To gain insights into the functional and structural properties of the pol III [epsis] subunit, we have conducted an analysis of a total of 20 dnaQ mutants that were isolated in our laboratory based on the mutator phenotype that they confer. The mutator phenotype presumably reflects the proofreading deficiency they confer during DNA replication. Our analysis involves (i) measurement of the strength of the mutator phenotype, (ii) determination of the DNA sequence changes underlying the mutations, and (iii) assessment of the ability of the mutant proteins to interact with the [alpha] subunit via genetic complementation. In Figure 1, we compare the strengths of the dnaQ mutators along with two reference alleles, mutD5 (36) and dnaQ49 (37) which have been previously characterized (38-44). We used Rifr as a mutation marker as this marker has been used previously to characterize mutators (9,38,41,43,45). Two obvious classes of mutator alleles were noted. Strains containing dnaQ920 through dnaQ933 exhibited mutant frequencies that were 6-20-fold above the wild-type level, while strains containing dnaQ918 or dnaQ942 through dnaQ950 exhibited mutant frequencies 700-8000-fold above the wild-type level.
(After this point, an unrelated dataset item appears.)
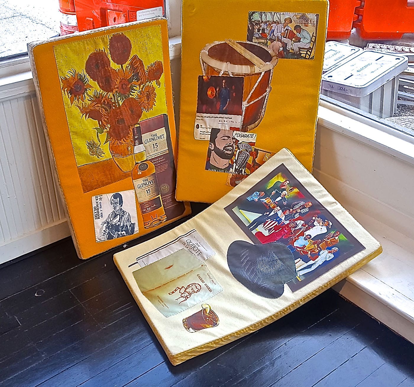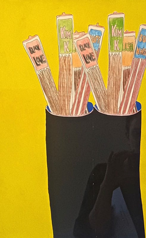 Through a series of eclectic choices, Gumby extends his cohort beyond a sense of kinship — which is ultimately a compulsory kind of relationship — into an air of riffing and conversation more characteristic of friendship. From Lucia Hierro’s digital print collages mounted on felt pillow-like canvases that were expressly forbidden from being hung on walls, to a partition by Eric N. Mack, comprised of pegboard panels embellished with rope and acrylic, to a series of hanging blown-glass ornaments containing evocative hand-stitched iconography by Leslie Jimenez, and Tschabalala Self’s loose, figurative study of cans of incense, there is a feel of abstraction on the edges of everyday objects. This kind of culture-bending is, arguably, owed its own chapter within the mapping of the avant-garde, a kind of remaking and customization of Duchampian readymades; a different approach to cultivating the stuff of life to the stuff of art.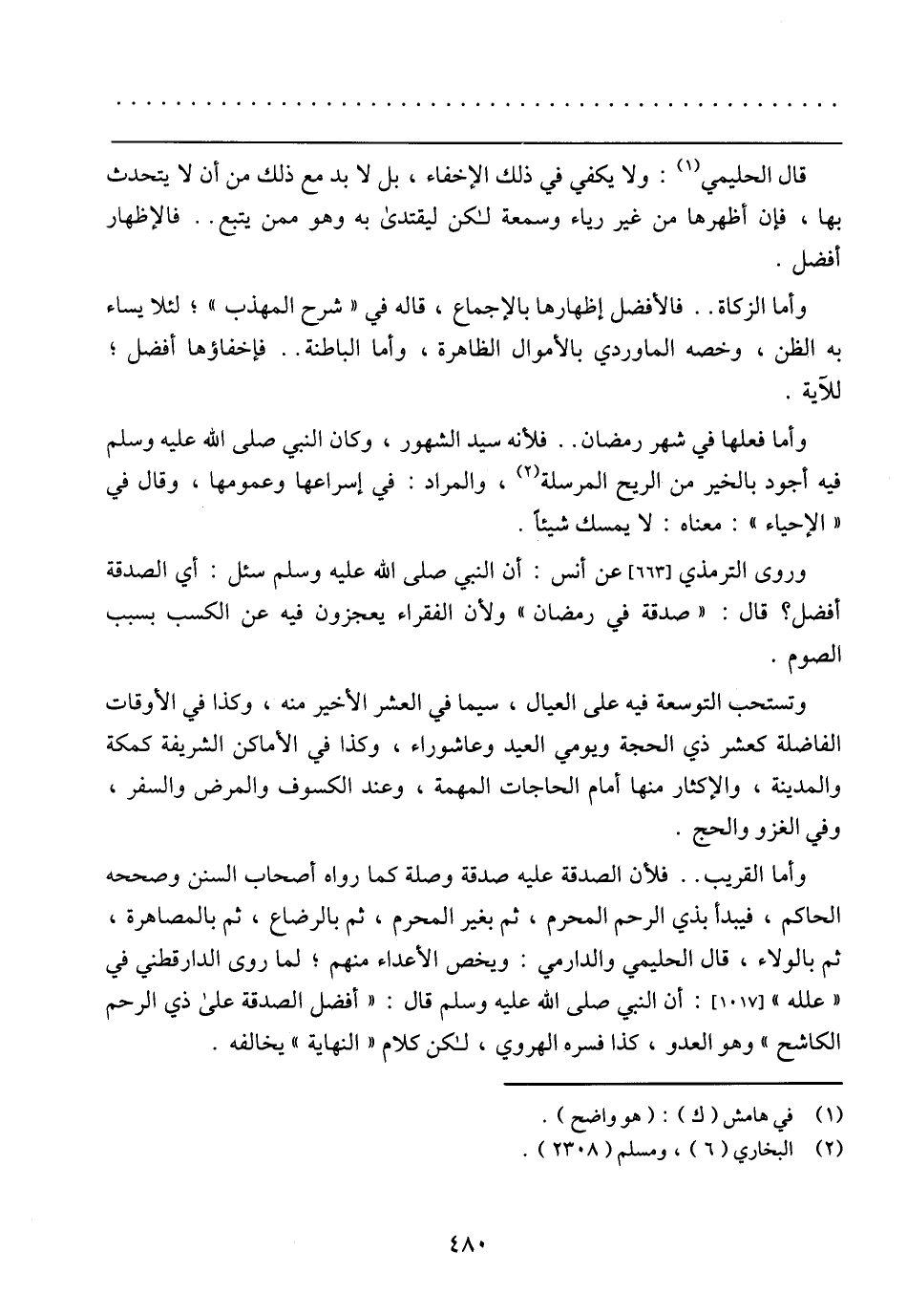 وأما الزكاة .. فالأفضل إظهارها بالإجماع، قاله في (شرح المهذب)؛ لئلا يساء به الظن، وخصه الماوردي بالأموال الظاهرة، وأما الباطنة .. فإخفاؤها أفضل؛ للآية.

Further characterization of the dnaQ alleles was achieved by determination of the amino acid sequence changes responsible for each mutator phenotype. Each dnaQ gene was sequenced in its entirety and the observed base changes and resulting amino acid substitutions are presented in Table 1. All of the base changes involved G·C->A·T transitions, consistent with the mutational specificity of hydroxylamine, the mutagen used to create the alleles (31). Three of the mutations involved a tandem base change, but in each case only one amino acid substitution resulted. Amino acid substitutions were found in the putative Exo I and Exo II motifs (underlined) as well as in the region between these two motifs (Fig. 2). Amino acid substitutions were not found in the Exo III motif proposed by Blanco et al. (17), but several substitutions occurred in the alternative Exo III[epsis] motif (dashed underline) proposed by Barnes et al. (27). dnaQ946 contains a base-pair substitution in the promoter region (G->A at 1087) in addition to the base-pair change in the coding region. The substitution in the promoter region is two bases removed from a potential RNA polymerase binding site identified by Cox and Horner (46). The substitution does not alter the amino acid sequence of the rnh gene, which is divergently transcribed with dnaQ and whose coding region partially overlaps with the dnaQ promoter (14,46). Five of the 15 mutations (D12N, E14K, D103N, A164V and D167N ) were also seen in a recent study by Strauss et al. (29).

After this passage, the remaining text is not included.